Цитирую Д. Палмера, Породы собак — «Ланкаширский хиллер относится к классу пастушьих собак». И что же? — скажете вы. — Да, мало ли на свете пастушьих собак? «И не сосчитаешь», как говаривала одна дама. Но, это если не знать, что несчастный хилер весит всего три килограмма, и пасёт при этом не сусликов, не хомяков, а полноценных коров. А корова в среднем весит 500 кг. И за сутки съедает около 90 кг травы. Это ровно 30 пастушьих собак. Нет, собак она, естественно, не ест. Если только это не травяные собаки, в смысле, сделанные (или сплетённые) из травы. Кстати, если кормить корову только травяными псами, то однажды, задумавшись, она может съесть и настоящую! Жевать и глядеть на вас огромными, грустными глазами. «Снится ей белая роща и травяные луга». Стоп, кажется, меня занесло не туда…
Англичане, посмеиваясь в усы, скажут, — Что вы, это очень быстрая собачка. Она догоняет корову, кусает её за ноги и та бежит в нужную сторону.
Представьте теперь себя пастухом стада слонов.

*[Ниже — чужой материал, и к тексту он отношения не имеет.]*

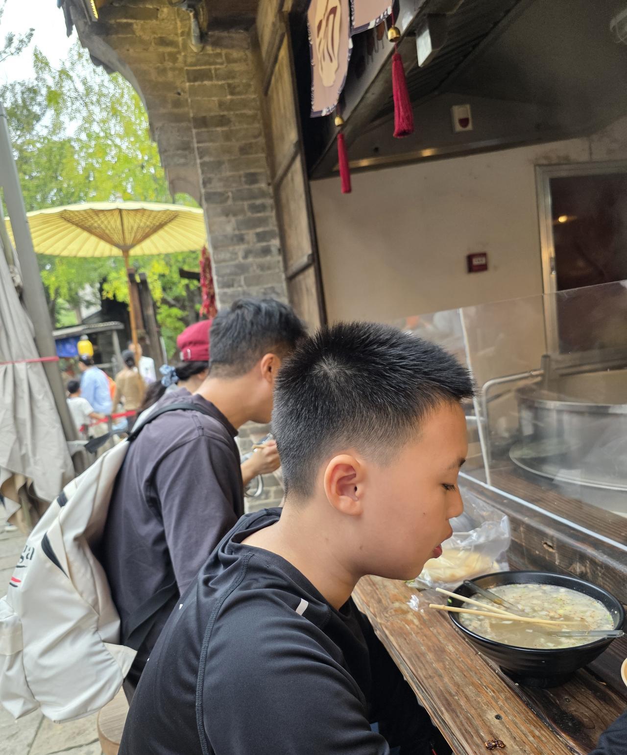 女儿一家今天玩得很开心,尤其是外孙…… 上午11:30到达古城,下午4:30离开。这5个小时,我在古城里走了一万两千多步,身体不累,脚有点累。很久没走这么多路,这双诞生于1963年的脚有点招架不住。 外孙蹦蹦跳跳走了一万五千多步,不但没见他累,而且精力还那么旺盛。 女儿一家很喜欢这个古城,尤其喜欢城里的泉,墨泉,百脉泉,梅花泉,漱玉泉,麻湾泉,个个泉水喷涌,水质清澈,惹人喜爱。 游完古城,坐着船出来,遇到一个很有趣的船工,他摇着橹,吹着牛,把一份原本很辛苦的工作,渲染得轻松无比,自豪无比,骄傲无比。他说每天工作8小时,每月工作七八天,每月能发一万多,而且每年13个月工资,享受公务员待遇。 下了船,外孙说饿了。因为坐着船出了城门,这又步行回城内美食街,找地方吃饭。找来找去,女儿女婿决定吃泉水羊肉,问我可以不可以,我说可以。 我有个原则,跟孩子们在外面吃饭,从来不主动表达自己的想法,孩子们吃啥我随着吃啥,从不说“我想吃什么” “不想吃什么”,我没有那么多毛病,我会上将就孩子,而不是让人家随我。 其实我感觉这个泉水羊肉一般,并不想吃,但他们决定了,我不能扫他们的幸。事实上就是一般,七八片薄如蝉翼的羊肉,加一碗汤,卖38元,这可是一斤羊肉的价格。但是,无滋无味。 正吃着饭下起小雨,外孙更加兴奋,一边喊着下雨了下雨了,一边在雨里跑来跑去。这种正在退却的天真,七分幼稚,三分成熟,更让人觉得孩子就是孩子,于是也更羡慕孩子——可以无拘无束,可以尽情表达,无牵无挂,无忧无虑…… 返程时女婿要替我开车,我没让他。他感冒了,这几天进进出出都是我开,我想让他在车上睡会儿,休息休息。 回到家6点,摘了露台上的扁豆和辣椒,炒了一盘,又炒了一盘白菜,一盘大葱鸡蛋,吃的米饭。女儿女婿吃的很少,他们点了一份麻辣小龙虾——晚上有球,他们习惯边吃龙虾边篮球。 球赛开始后,女儿女婿吃着看着,外孙跟着手机APP健身,我在书房里写文章、编视频,lucky在我脚下趴着打盹,窗外,淅淅沥沥的秋雨下得正紧。 女儿说明天有中雨,不出门了,明天上午准备馅儿,晚上包饺子。这样的话,明天上午我就出去绞肉馅儿。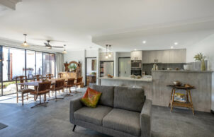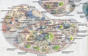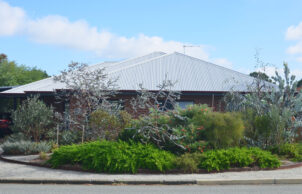 It was important for us to establish a sustainable garden. Most of our garden comprises waterwise native plants and requires very little water. We’ve also re-established and enlarged our edible garden, adding blueberries, fig and pomegranate trees, strawberries, rhubarb and herbs, and a variety of annual vegetables. The native garden is also a means of providing habitat, contributing to the wildlife corridors that run through our area. It is always full of birds and insects and we have a family of resident bobtail goannas. I keep a record of the plants we’ve put in so that I can remember their names and determine which are best suited to survive and flourish in our sandy soil without the need for watering.

Подбегаете к слону и кусаете его за ногу! Если удалось, то слон идёт в нужном направлении, если нет, то вас сменяет другой пастушок. Более шустрый…

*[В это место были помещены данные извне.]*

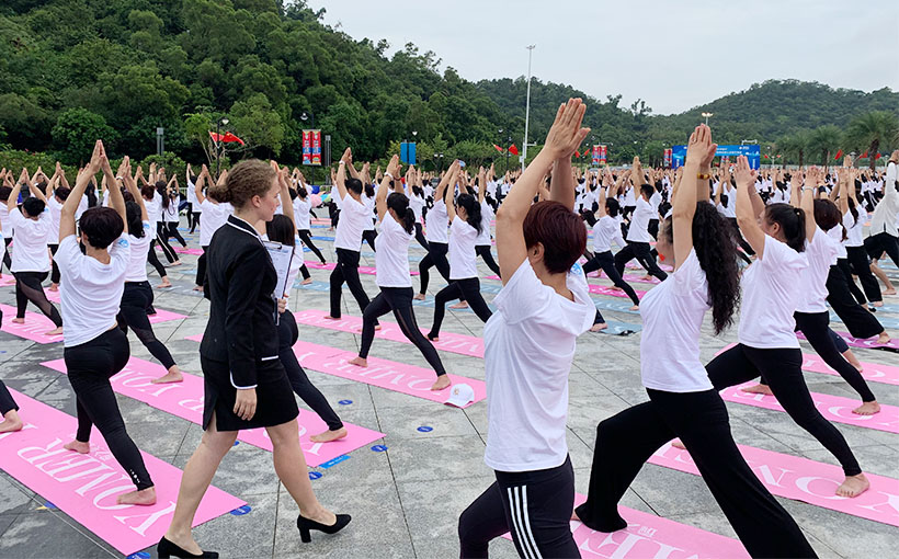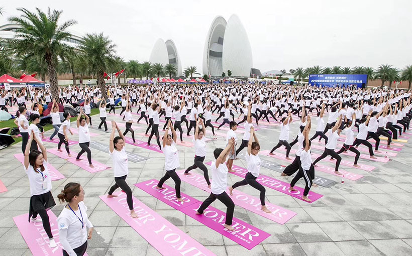 The 2019 International Yoga Carnival was held in Zhuhai, China. 898 participants performed a Warrior Ⅰ pose (yoga) simultaneously during the event. Verified on site by the World Record Certification Agency (WRCA), the event was confirmed as “the most people performing a Warrior Ⅰ pose (yoga) simultaneously”.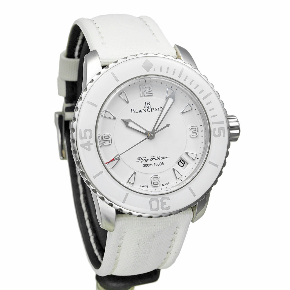 【USED品】 全体的に目立つような傷は無く、USED品としては綺麗な状態です。 ブランパンのダイバーズモデル、フィフティファゾムスのホワイトです。 黒やブルーの流通が多い為、白は珍しく貴重なお品となります。 ガラスに傷はございません。 革ベルトは純正で、中古品として若干の使用感がございます。
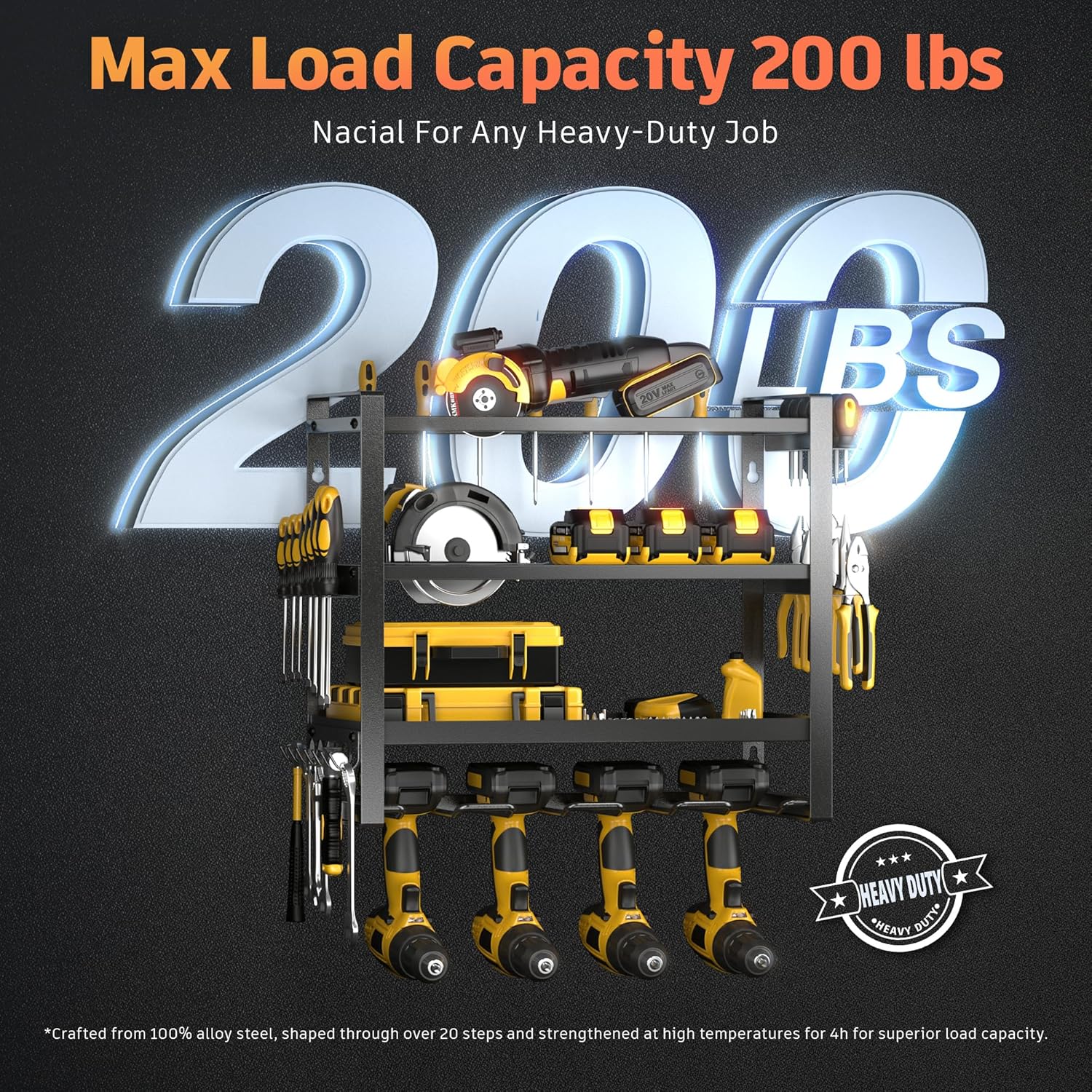 - Max Load Capacity 200 Lbs: Nacial power tool organizer wall mount crafted from 100% premium heavy-duty solid steel, shaped through over 20 precision steps and strengthened at high temperatures for 4 hours for 200 lbs superior load capacity. Can secure mounting on concrete, drywall, or pegboard, ensuring exceptional stability. With our tools organizer wall mount, your tools will always stay securely in place, ready for any task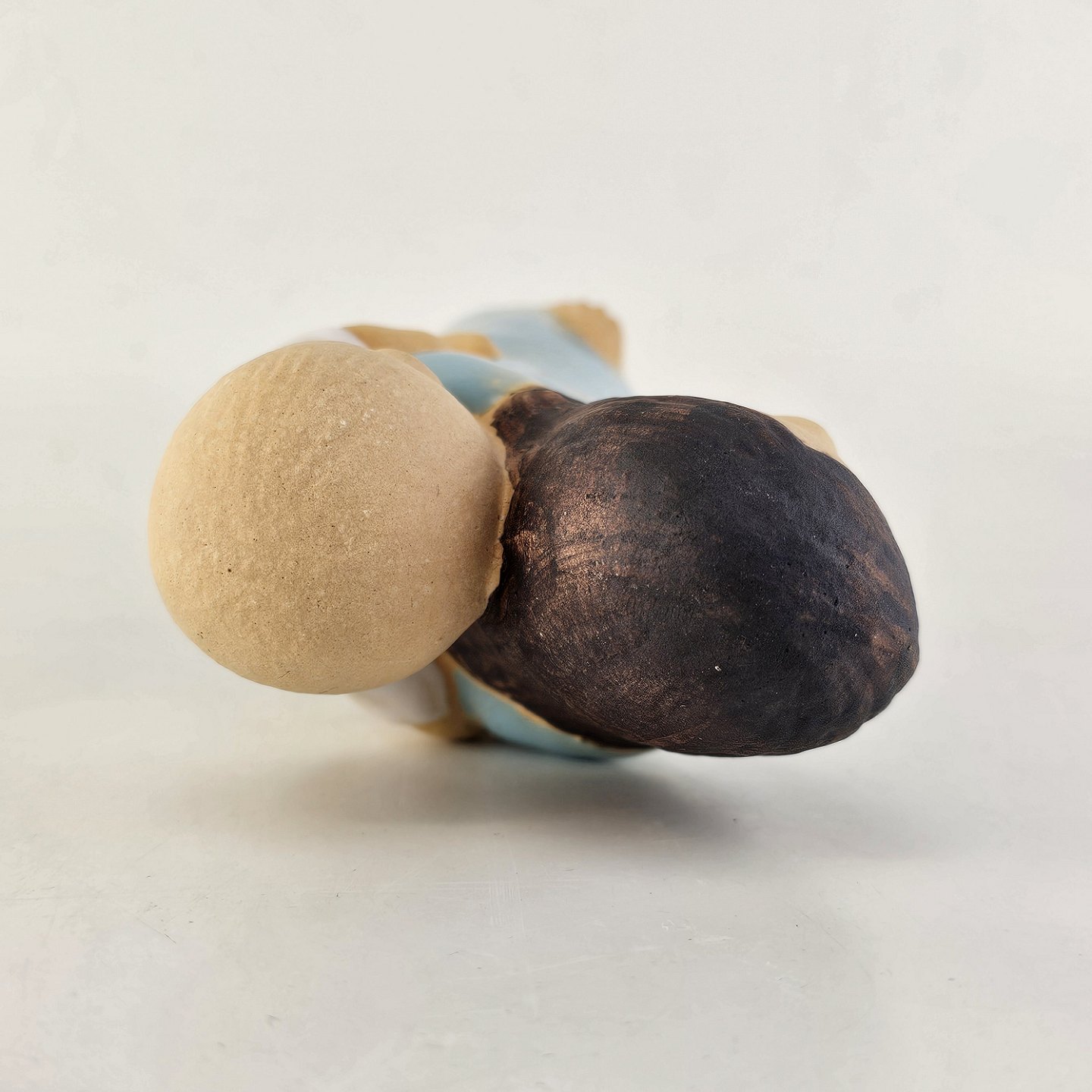 Beskrivelse: Figur i keramik med motiv af en pige med lys hud og brunt hår, som har et barn på ryggen.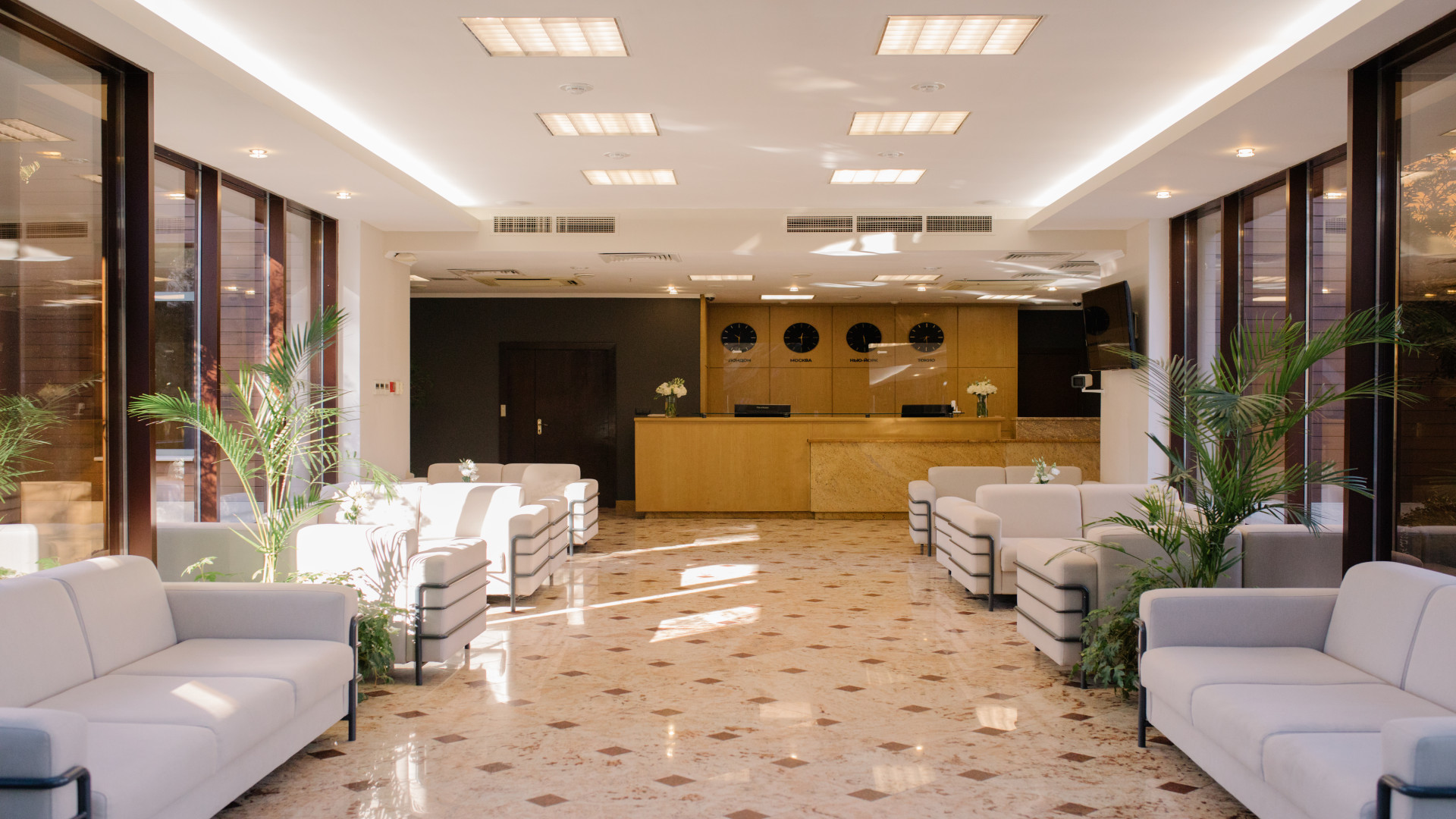 - В номере: душ, туалет, ТВ, холодильник, кондиционер, сейф, фен, телефон, чайная станция, электрочайник, двуспальная или две раздельные кровати, диван, кресло

Вернёмся к коровам и британцам. Итак, вы английский пастух и вам нужна пастушья собака. Как поступили прочие нации, мы знаем, взяли в помощники всевозможных овчарок. Но, это решение, почему то не пришлось по душе жителям Альбиона и они вывели полчища маленьких кусак-хилеров. Есть в этом, наверное, некий тайный смысл. Может быть, каждый пастух с тех пор ощущает себя немного полководцем. И командует, когда надо перегнать стадо — 20 хилеров нападут на правый фланг, 25 — на левый. А мы с вами, джентльмены, ударим в центр! Боже, храни Королеву!
Казалось бы, какая разница, как говорить — староанглийская овчарка или овчарка староанглийская?…
«Староанглийская овчарка» отлично рифмуется со словом «чарка».
Звучит хорошо, но, несколько всё портит эта «староанглийская».
Наполнят водкой чарки
Староанглийские овчарки.
Неестественно как-то. Не вяжется Англия с чарочкой водки.
Другое дело, будь это Русская овчарка.
Поднимем эту чарку
За Русскую овчарку!
Так и представляешь доброе застолье, жизнерадостных бородачей, штофы, чарки, редьку, огурчики. Да поросёночек с хреном! Да холодец с брусникой! Да под щучьи головы! Эх…
Зато, Овчарку староанглийскую одно удовольствие рифмовать с «виски».
Несёт бутылку виски
Овчар староанглийский.
Поэзия, однако!
Шетландская овчарка, или просто Шелти родом с далёких Шетландских островов, где в июне может запросто пойти снег, где по утрам всегда туман, где луга никогда не бывают зелёными, а ветер никогда не стихает. Что бы выжить в таком климате надо, во-первых, быть меховым, толстым, цепким и низкорослым. А, самое главное, иметь жизнерадостный и покладистый характер. Зачем промозглым вечером меховая, толстая, цепкая, низкорослая шетландка станет угощать унылого зануду стаканчиком горячего грога?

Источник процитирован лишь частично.